= Beginning of Section =

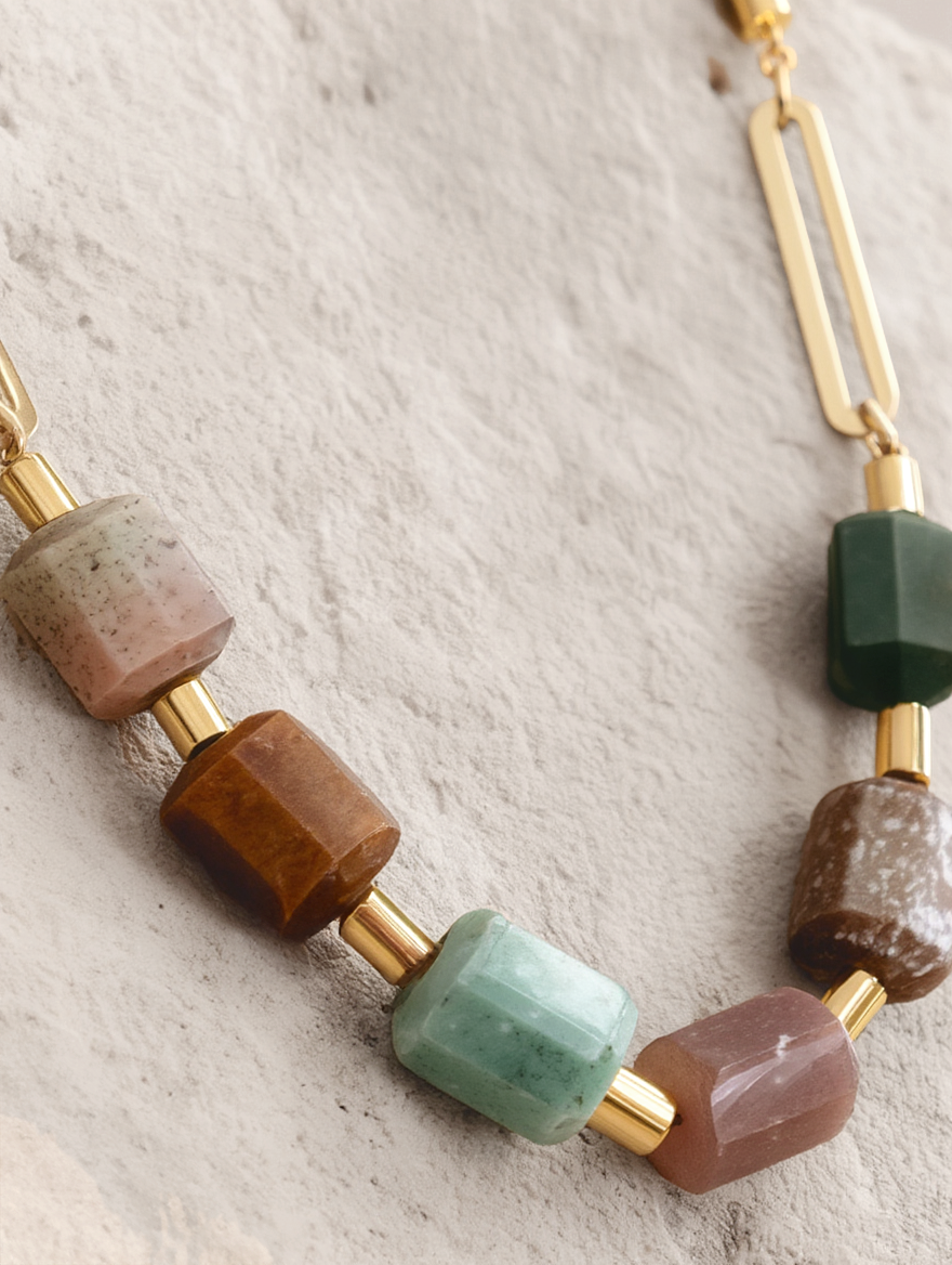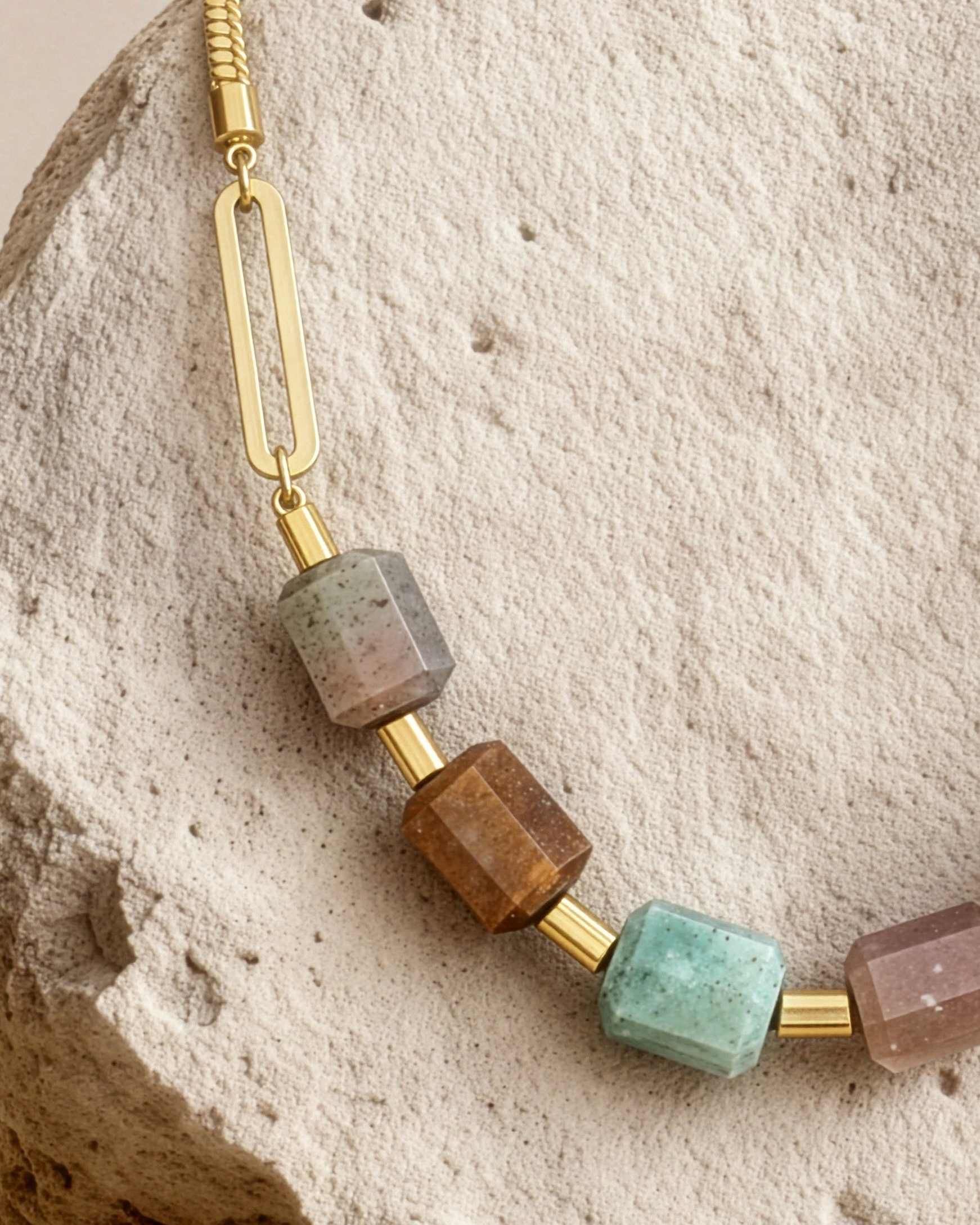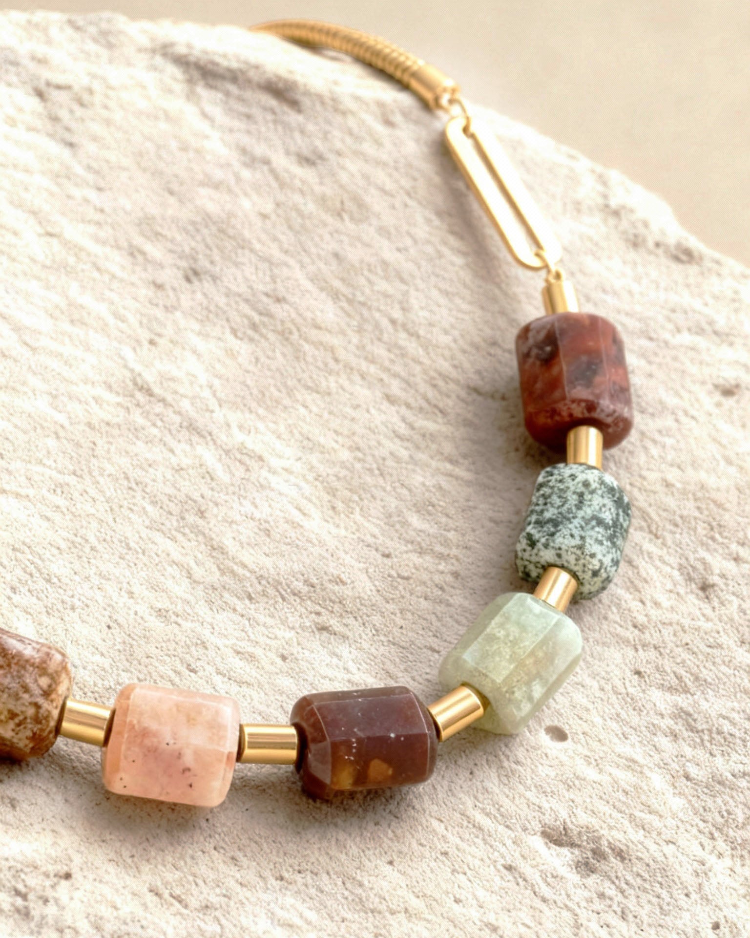 שרשרת אבנים טבעיות מסוגים שונים, בשילוב אלמנטים מוזהבים.
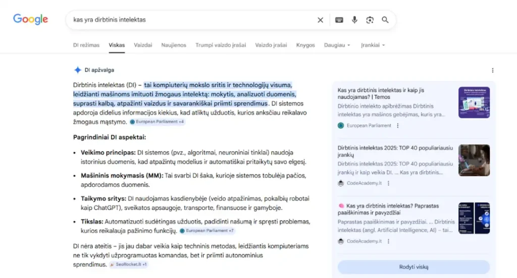 Taip pat patariama patikrinti informaciją keliuose skirtinguose šaltiniuose. Jei svarbus faktas minimas tik DI sugeneruotoje santraukoje, tačiau jo nepavyksta rasti kitur, verta į jį žiūrėti atsargiai.
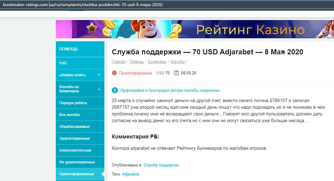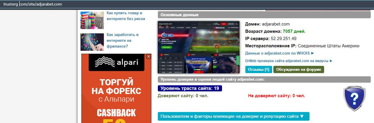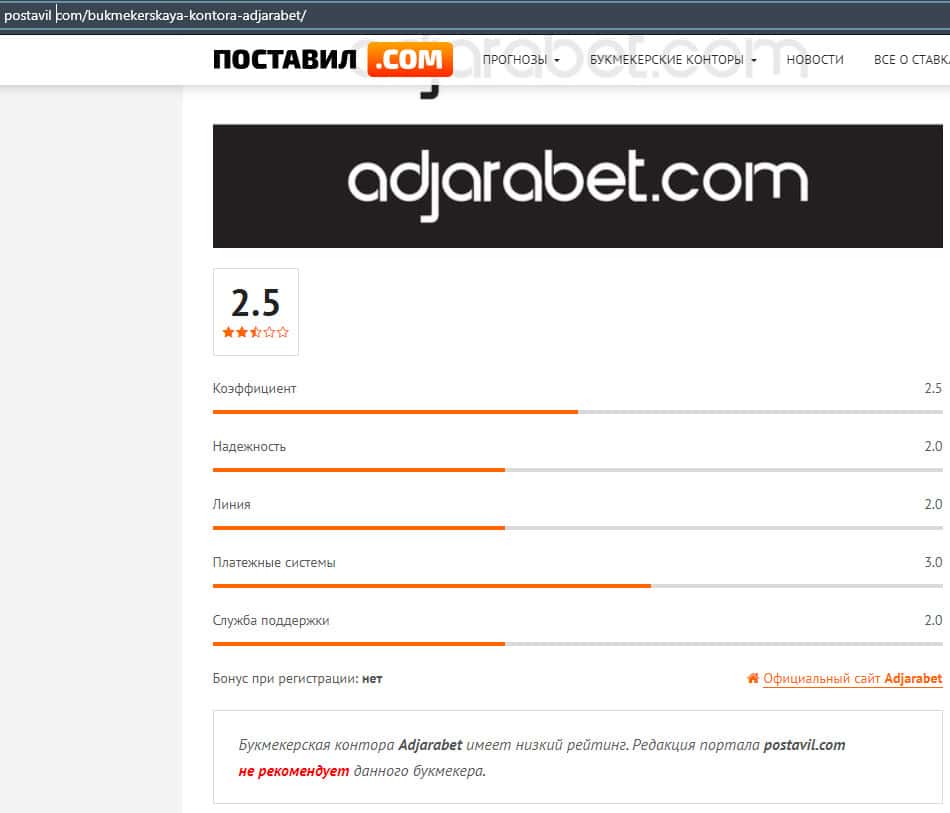 Мошенники AdjaraBet попали в обзор авторитетных ресурсов и там был присвоен им рейтинг ниже среднего, поэтому доверять им свои деньги все же не стоит.
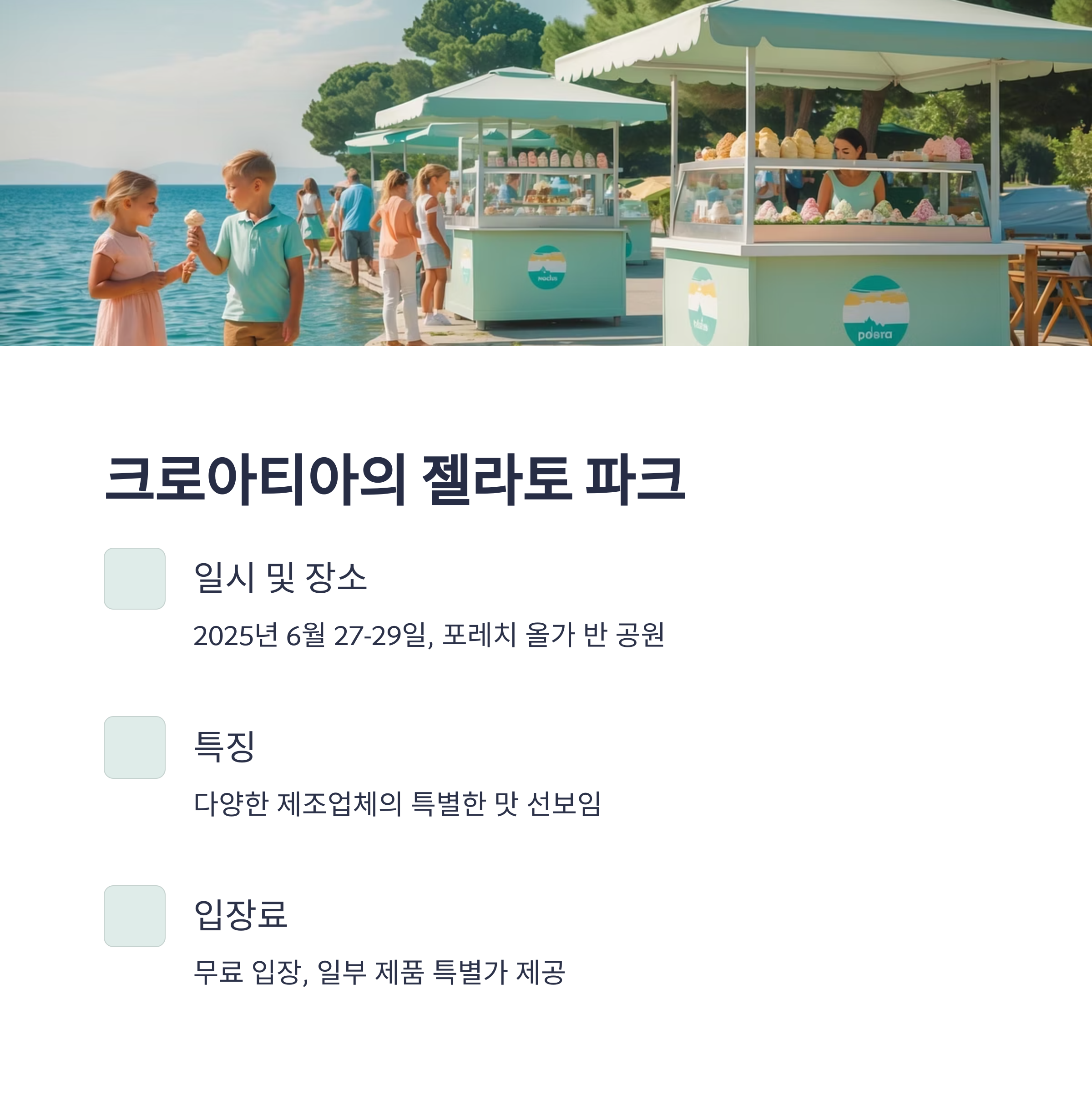 2025년 6월 27일부터 29일까지, 크로아티아 포레치의 올가 반 공원에서 '젤라토 파크 – 아이스크림의 세계' 축제가 열립니다. 이 축제는 모든 세대를 위한 다양한 프로그램과 함께 여러 아이스크림 제조업체들이 참여하여 특별한 맛을 선보입니다. 입장료는 무료이며, 일부 제품은 특별 가격에 제공됩니다.
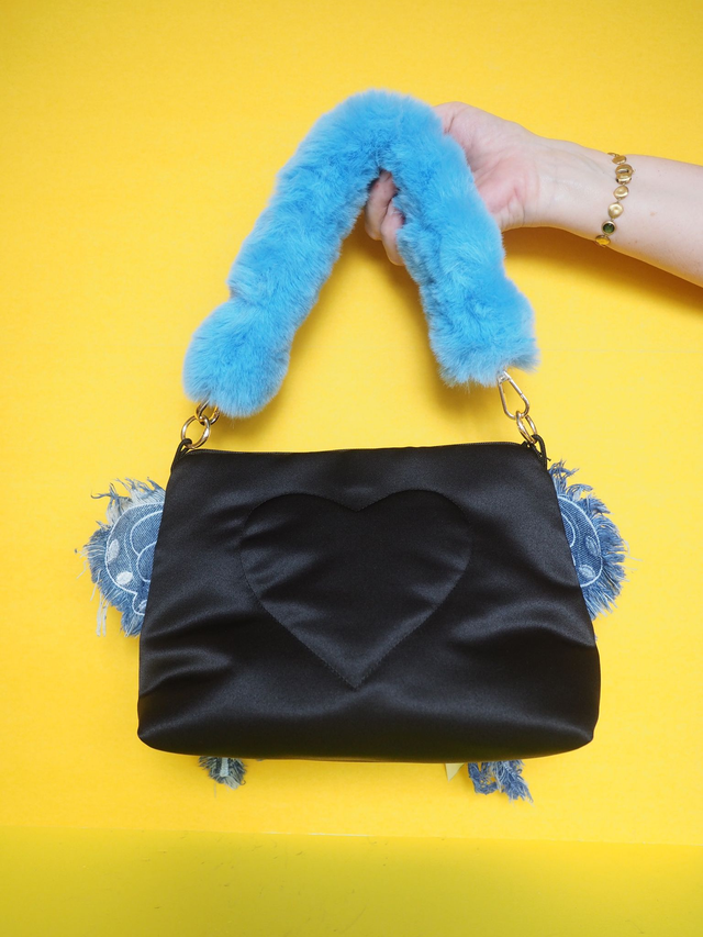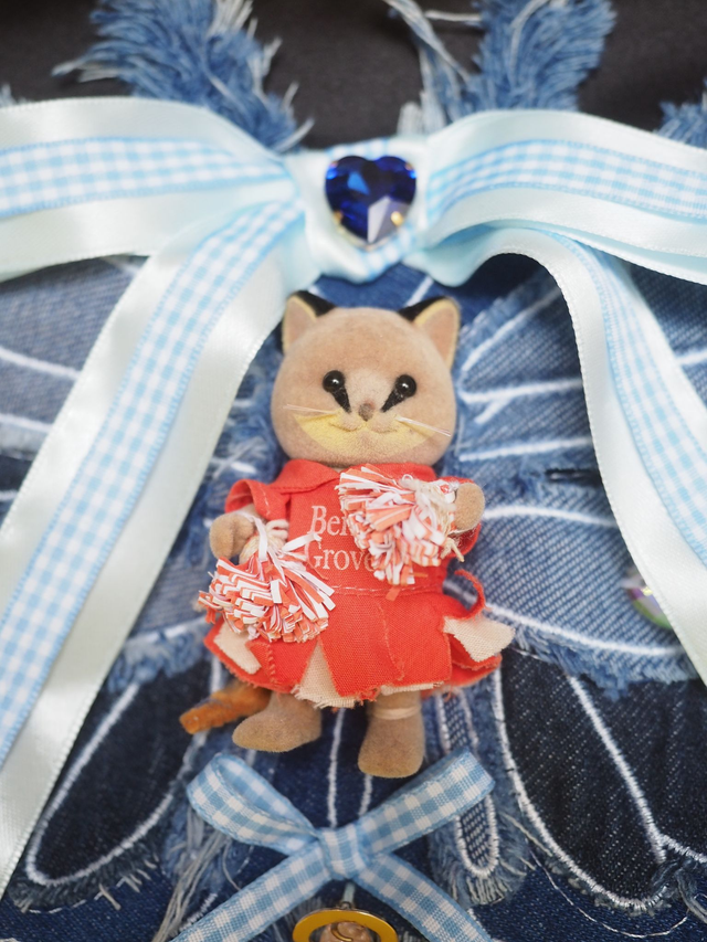 Hand quilted satin with appliquéd denim butterfly, embroidered gems and an up-cycled rare cheerleader Sylvanian Family doll toy. Has a fluffy blue handle.
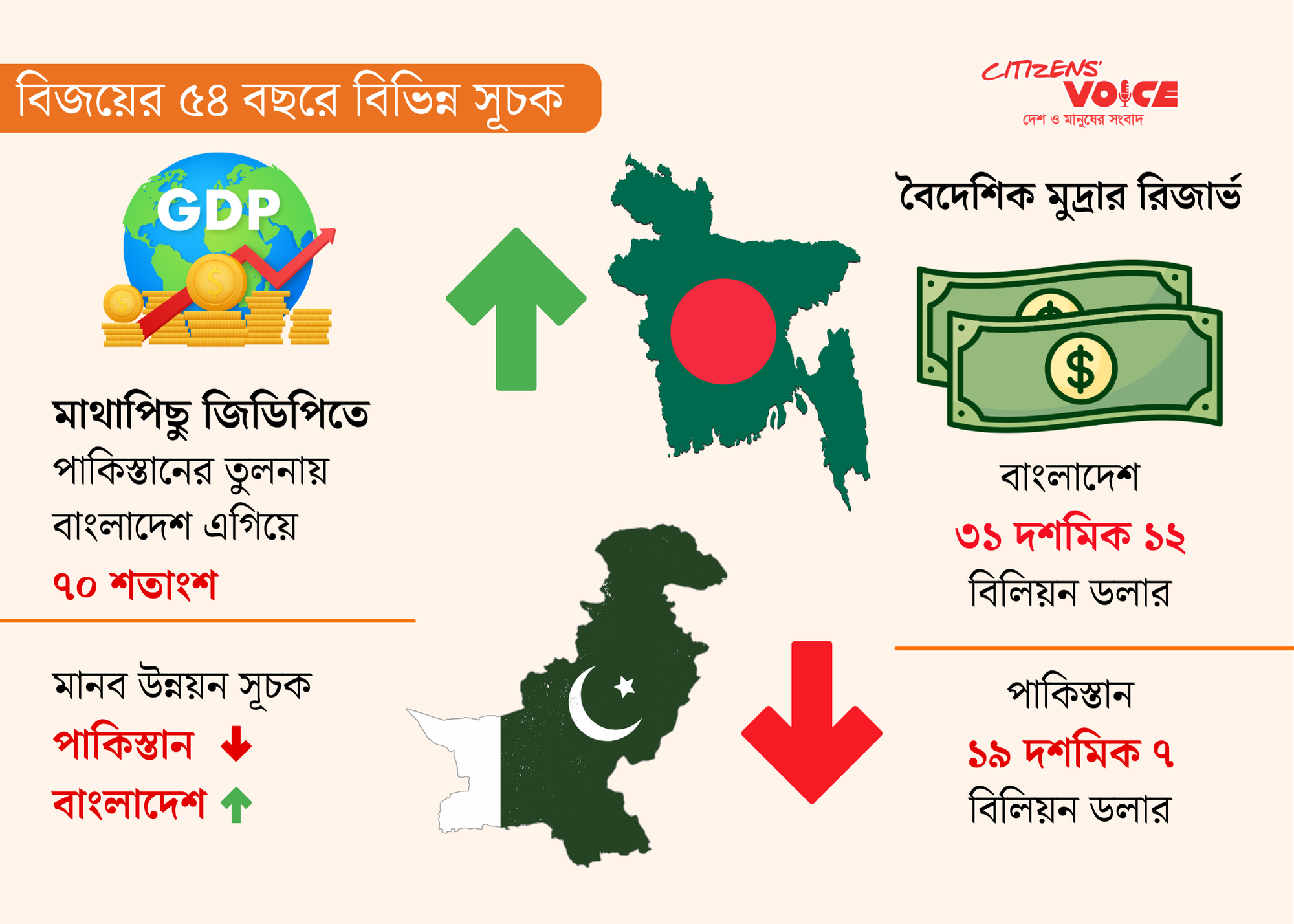 স্বাধীন রাষ্ট্র হিসেবে ৫৪ বছরে বাংলাদেশ অর্থনীতি, মানব উন্নয়ন এবং সামাজিক সূচকে পাকিস্তানকে অনেক পেছনে ফেলে দিয়েছে। মাথাপিছু আয়, রপ্তানি আয়, বৈদেশিক মুদ্রার রিজার্ভ—সব ক্ষেত্রেই বাংলাদেশ এখন এগিয়ে।
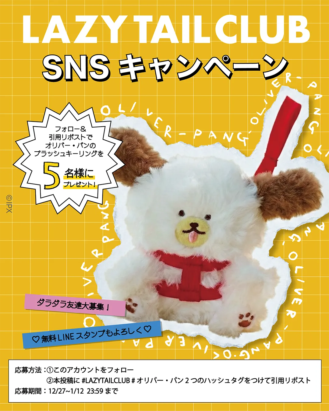 日本のLINE FRIENDSファンに朗報です!LINE Friends Japan株式会社が2025年12月27日より、新キャラクター「LAZY TAIL CLUB」を発表し、特別なSNSキャンペーンを実施します。このキャンペーンでは、オリバー・パンデザインのキュートなキーリングが、抽選で5名に当たるという豪華なプレゼント企画もあります。

= End of Section =

If an entry above holds a picture, leave that picture out and print the rest exactly.

## Written answer
 שרשרת אבנים טבעיות מסוגים שונים, בשילוב אלמנטים מוזהבים.
 Taip pat patariama patikrinti informaciją keliuose skirtinguose šaltiniuose. Jei svarbus faktas minimas tik DI sugeneruotoje santraukoje, tačiau jo nepavyksta rasti kitur, verta į jį žiūrėti atsargiai.
 Мошенники AdjaraBet попали в обзор авторитетных ресурсов и там был присвоен им рейтинг ниже среднего, поэтому доверять им свои деньги все же не стоит.
 2025년 6월 27일부터 29일까지, 크로아티아 포레치의 올가 반 공원에서 '젤라토 파크 – 아이스크림의 세계' 축제가 열립니다. 이 축제는 모든 세대를 위한 다양한 프로그램과 함께 여러 아이스크림 제조업체들이 참여하여 특별한 맛을 선보입니다. 입장료는 무료이며, 일부 제품은 특별 가격에 제공됩니다.
 Hand quilted satin with appliquéd denim butterfly, embroidered gems and an up-cycled rare cheerleader Sylvanian Family doll toy. Has a fluffy blue handle.
 স্বাধীন রাষ্ট্র হিসেবে ৫৪ বছরে বাংলাদেশ অর্থনীতি, মানব উন্নয়ন এবং সামাজিক সূচকে পাকিস্তানকে অনেক পেছনে ফেলে দিয়েছে। মাথাপিছু আয়, রপ্তানি আয়, বৈদেশিক মুদ্রার রিজার্ভ—সব ক্ষেত্রেই বাংলাদেশ এখন এগিয়ে।
 日本のLINE FRIENDSファンに朗報です!LINE Friends Japan株式会社が2025年12月27日より、新キャラクター「LAZY TAIL CLUB」を発表し、特別なSNSキャンペーンを実施します。このキャンペーンでは、オリバー・パンデザインのキュートなキーリングが、抽選で5名に当たるという豪華なプレゼント企画もあります。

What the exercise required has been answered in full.